=== Section Start ===

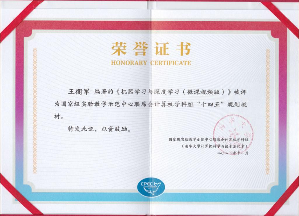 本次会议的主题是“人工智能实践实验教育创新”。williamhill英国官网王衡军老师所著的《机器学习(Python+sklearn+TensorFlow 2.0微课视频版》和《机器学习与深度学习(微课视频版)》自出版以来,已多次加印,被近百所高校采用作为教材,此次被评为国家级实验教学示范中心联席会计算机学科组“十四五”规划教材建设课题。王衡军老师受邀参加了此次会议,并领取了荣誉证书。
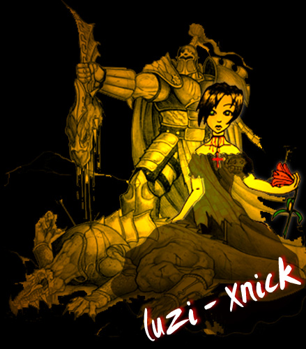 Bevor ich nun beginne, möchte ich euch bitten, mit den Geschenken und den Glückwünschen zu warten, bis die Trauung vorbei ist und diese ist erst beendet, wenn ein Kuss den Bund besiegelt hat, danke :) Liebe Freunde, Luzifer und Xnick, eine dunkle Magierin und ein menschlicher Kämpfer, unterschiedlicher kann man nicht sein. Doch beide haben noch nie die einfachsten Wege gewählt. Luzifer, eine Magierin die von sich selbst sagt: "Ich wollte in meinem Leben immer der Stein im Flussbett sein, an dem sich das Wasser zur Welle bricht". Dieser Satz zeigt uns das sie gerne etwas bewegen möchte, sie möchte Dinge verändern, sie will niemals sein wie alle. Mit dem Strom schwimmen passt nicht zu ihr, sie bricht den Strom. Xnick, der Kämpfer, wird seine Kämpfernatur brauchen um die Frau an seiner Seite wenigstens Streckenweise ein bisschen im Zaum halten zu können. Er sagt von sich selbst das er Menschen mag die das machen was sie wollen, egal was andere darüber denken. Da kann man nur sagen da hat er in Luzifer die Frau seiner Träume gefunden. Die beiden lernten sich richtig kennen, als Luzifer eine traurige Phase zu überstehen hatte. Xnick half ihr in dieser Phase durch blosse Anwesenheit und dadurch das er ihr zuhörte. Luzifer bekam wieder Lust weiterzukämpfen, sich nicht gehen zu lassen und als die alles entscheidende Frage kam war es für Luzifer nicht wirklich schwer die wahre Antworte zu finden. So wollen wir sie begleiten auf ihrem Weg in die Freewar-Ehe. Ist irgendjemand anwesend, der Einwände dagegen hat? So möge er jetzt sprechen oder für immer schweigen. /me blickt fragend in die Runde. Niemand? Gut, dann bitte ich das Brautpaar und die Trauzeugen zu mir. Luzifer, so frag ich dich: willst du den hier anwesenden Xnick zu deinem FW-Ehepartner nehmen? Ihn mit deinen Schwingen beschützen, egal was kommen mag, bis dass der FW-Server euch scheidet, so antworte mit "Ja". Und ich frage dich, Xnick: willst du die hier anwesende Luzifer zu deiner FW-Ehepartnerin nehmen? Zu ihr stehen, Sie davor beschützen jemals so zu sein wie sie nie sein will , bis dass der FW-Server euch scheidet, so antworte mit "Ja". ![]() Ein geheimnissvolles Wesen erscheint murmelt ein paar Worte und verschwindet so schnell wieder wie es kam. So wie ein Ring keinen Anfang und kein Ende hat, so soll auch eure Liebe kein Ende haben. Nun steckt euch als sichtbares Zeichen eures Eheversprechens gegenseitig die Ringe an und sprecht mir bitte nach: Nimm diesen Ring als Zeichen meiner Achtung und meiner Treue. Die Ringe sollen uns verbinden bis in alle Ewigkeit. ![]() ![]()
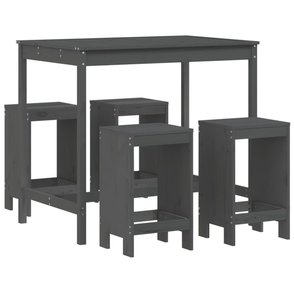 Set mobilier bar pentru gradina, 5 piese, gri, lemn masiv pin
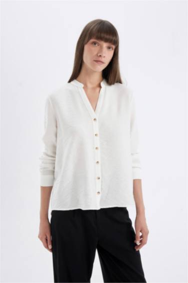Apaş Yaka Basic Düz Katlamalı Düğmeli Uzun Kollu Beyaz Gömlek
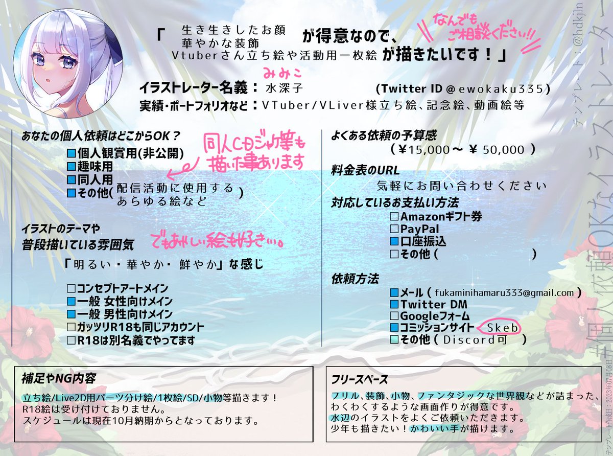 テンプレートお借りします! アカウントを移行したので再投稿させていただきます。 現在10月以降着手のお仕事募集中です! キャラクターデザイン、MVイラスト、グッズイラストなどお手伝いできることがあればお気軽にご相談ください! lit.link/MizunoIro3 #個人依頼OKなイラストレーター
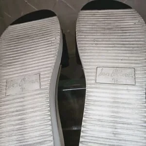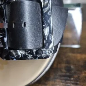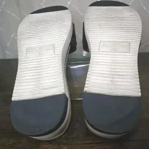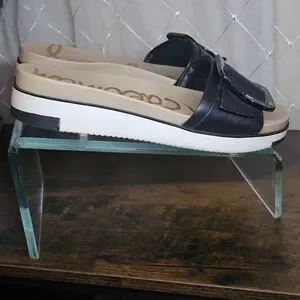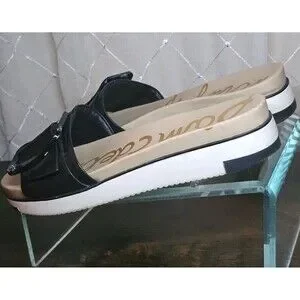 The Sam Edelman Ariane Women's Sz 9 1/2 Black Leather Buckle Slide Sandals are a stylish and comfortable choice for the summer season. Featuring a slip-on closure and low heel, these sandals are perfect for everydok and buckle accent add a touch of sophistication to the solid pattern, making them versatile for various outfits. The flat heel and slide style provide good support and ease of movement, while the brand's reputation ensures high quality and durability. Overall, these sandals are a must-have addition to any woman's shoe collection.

=== Section End ===

__Exercise__. Beginning with the line that contains "Set mobilier bar", write out the remaining lines of the listing above through the last, exactly and only those, without pictures.

__Output__.
 Set mobilier bar pentru gradina, 5 piese, gri, lemn masiv pin
Apaş Yaka Basic Düz Katlamalı Düğmeli Uzun Kollu Beyaz Gömlek
 テンプレートお借りします! アカウントを移行したので再投稿させていただきます。 現在10月以降着手のお仕事募集中です! キャラクターデザイン、MVイラスト、グッズイラストなどお手伝いできることがあればお気軽にご相談ください! lit.link/MizunoIro3 #個人依頼OKなイラストレーター
 The Sam Edelman Ariane Women's Sz 9 1/2 Black Leather Buckle Slide Sandals are a stylish and comfortable choice for the summer season. Featuring a slip-on closure and low heel, these sandals are perfect for everydok and buckle accent add a touch of sophistication to the solid pattern, making them versatile for various outfits. The flat heel and slide style provide good support and ease of movement, while the brand's reputation ensures high quality and durability. Overall, these sandals are a must-have addition to any woman's shoe collection.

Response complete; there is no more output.